Qualified Immunity Should Meet Unqualified End

By 
Richard Shugrue
Creighton Law Professor, Ret.

One judge-made rule which is cruel and cold-hearted and should have a stake driven through it is “qualified immunity.”

It stands in the way of justice and a remedy for the poor and oppressed who are victims of police arrogance by slamming the gates of the courts of redress.

When Congress enacted the Civil Rights Act and created Section 1983, our lawmakers contemplated that people deprived of their right under color of law could go to court and get a remedy.  No “qualified immunity” was written into the law and none was contemplated.  Even Justice Clarence Thomas, an originalist-textualist if there ever was one, states that the doctrine has no historical basis.

Richard Wolf, writing in USA Today, quotes the jurist from a 2017 case, charging that the “court routinely substitutes our own policy preferences for the mandates of Congress.”

The rule says that government officials may not be sued for violation of constitutional rights unless they are done under clearly established precedent.

A chief architect and promulgator of this barrier to a civil rights remedy was none other than the late Antonin Scalia, in the case of Anderson v. Creighton, 483 U.S. 635 (1987).  Here he wholly buys into Harlow v. Fitzgerald, 457 U.S. 800 (1982), when he had a clear opportunity to remedy a calamitous error.
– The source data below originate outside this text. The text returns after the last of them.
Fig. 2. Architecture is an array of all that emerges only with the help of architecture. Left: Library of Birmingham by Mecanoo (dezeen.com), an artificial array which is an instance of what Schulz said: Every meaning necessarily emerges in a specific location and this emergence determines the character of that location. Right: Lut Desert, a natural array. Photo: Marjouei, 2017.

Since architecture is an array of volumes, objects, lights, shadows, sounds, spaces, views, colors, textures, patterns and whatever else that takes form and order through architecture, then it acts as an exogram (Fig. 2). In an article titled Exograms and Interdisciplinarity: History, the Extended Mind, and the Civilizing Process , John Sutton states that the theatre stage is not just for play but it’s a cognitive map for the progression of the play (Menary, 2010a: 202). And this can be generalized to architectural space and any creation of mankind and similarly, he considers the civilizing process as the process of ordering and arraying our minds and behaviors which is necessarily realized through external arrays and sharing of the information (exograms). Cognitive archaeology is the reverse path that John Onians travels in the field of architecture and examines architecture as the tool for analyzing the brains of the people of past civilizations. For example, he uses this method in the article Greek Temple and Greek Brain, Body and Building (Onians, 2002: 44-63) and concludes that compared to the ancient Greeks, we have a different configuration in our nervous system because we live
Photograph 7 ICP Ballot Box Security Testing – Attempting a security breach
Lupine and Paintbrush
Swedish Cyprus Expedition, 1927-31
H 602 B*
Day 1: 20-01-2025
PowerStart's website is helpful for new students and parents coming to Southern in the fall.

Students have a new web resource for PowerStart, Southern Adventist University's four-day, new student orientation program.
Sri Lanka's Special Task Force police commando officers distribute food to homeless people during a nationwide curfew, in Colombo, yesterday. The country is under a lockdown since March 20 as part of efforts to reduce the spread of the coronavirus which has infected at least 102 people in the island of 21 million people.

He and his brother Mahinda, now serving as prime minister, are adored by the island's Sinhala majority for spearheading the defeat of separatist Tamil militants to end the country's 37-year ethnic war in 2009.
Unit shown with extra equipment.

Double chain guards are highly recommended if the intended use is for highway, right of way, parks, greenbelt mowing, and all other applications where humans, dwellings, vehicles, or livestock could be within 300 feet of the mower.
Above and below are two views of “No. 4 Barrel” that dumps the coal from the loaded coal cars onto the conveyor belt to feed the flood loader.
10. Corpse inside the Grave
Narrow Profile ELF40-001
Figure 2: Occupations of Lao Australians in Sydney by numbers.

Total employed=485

If you want to see a careful and thorough article examining the erroneous claim that the doctrine serves the end of judicial economy (a favorite justification by Scalia for judge-made rules limiting access to the courts), see Joanna Schwartz’s “How Qualified Immunity Fails,” 127 Yale L.J. 2 (2017).
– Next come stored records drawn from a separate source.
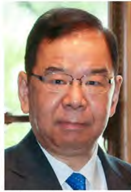
In Nov. 2022 interview, Kazuo Shii, chairman of the Japanese Communist Party (JCP) said the party is fighting the "final war" against the Family Federation / Unification Church. Here Shii on 30th March 2023.

In an interview published on 22 nd November 2022, in the communist newspaper Shimbun Akahata , Kazuo Shii, former chairman of the Japanese Communist Party, was asked: "From the Communist Party's point of view, is this the final war against the Family Federation ?" He responded affirmatively, stating that the struggle had been ongoing since at least a gubernatorial election in 1978.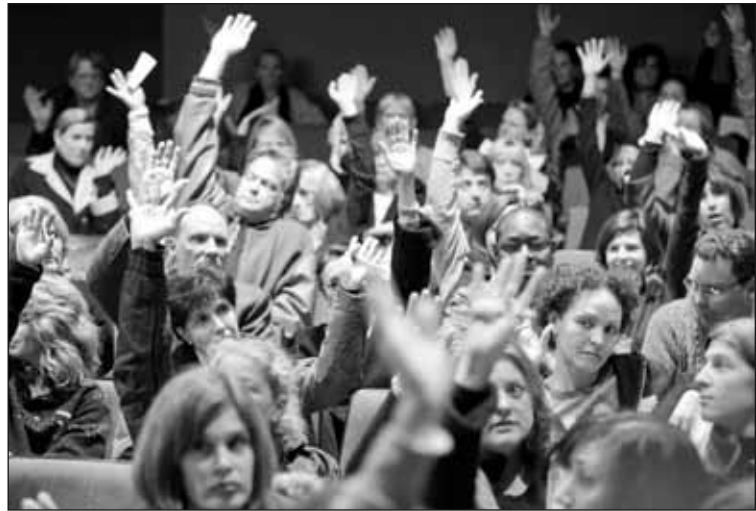
Raised hands indicate support for a La Jolla schools cluster at a Jan. 21 meeting exploring the idea.

Forming a cluster would also foster better communication between schools, the group of parents said. The cluster could help establish curriculum priorities across the schools, and perhaps coordinate fund-raising. For example, the cluster could help ensure each elementary school pro-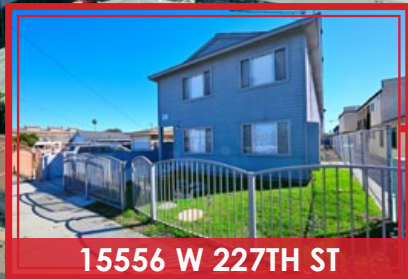
1556 W 227TH ST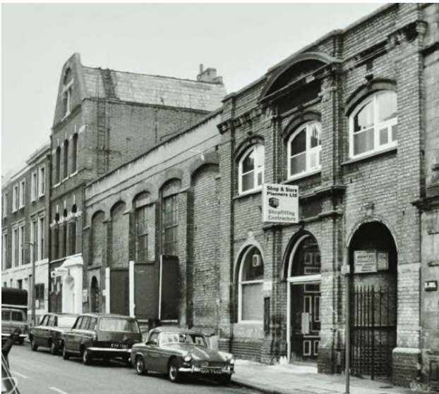
Shop & Store Planners

ground floor with 9 flats on the first and second floors (the latter being within the roof). The restaurant premises include the former under stage pit area, which remains as a lower level adjunct to the bar, with the kitchens at the back in the former Wellington Hall part of the building, which has rear emergency access into Terrett's Place.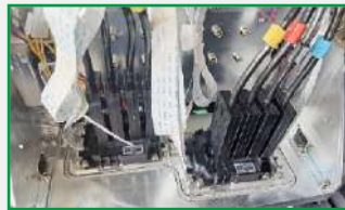
Moisturizing cleaning assembly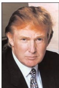
Donald Trump Chairman, President The Trump Organization New York, N.Y.

No name suggests luxury real estate quite like Donald Trump, the first to create a personal luxury brand, associating a face and a name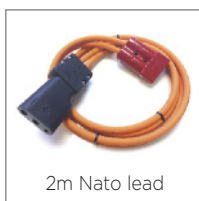
2m Nato lead

The Supreme Court declined to hear Kelsay v. Ernst, 18-682, a case from the Nebraska federal district court that is an especially egregious example of police misconduct, without offering an explanation (along with two other cases), leaving still other cases for resolution at last week’s conference.

By the time you read this –as I’m writing at 7 a.m. Tuesday – the orders from the Friday conference should be down and we shall see whether the court will take the next step to right a gnawing wrong.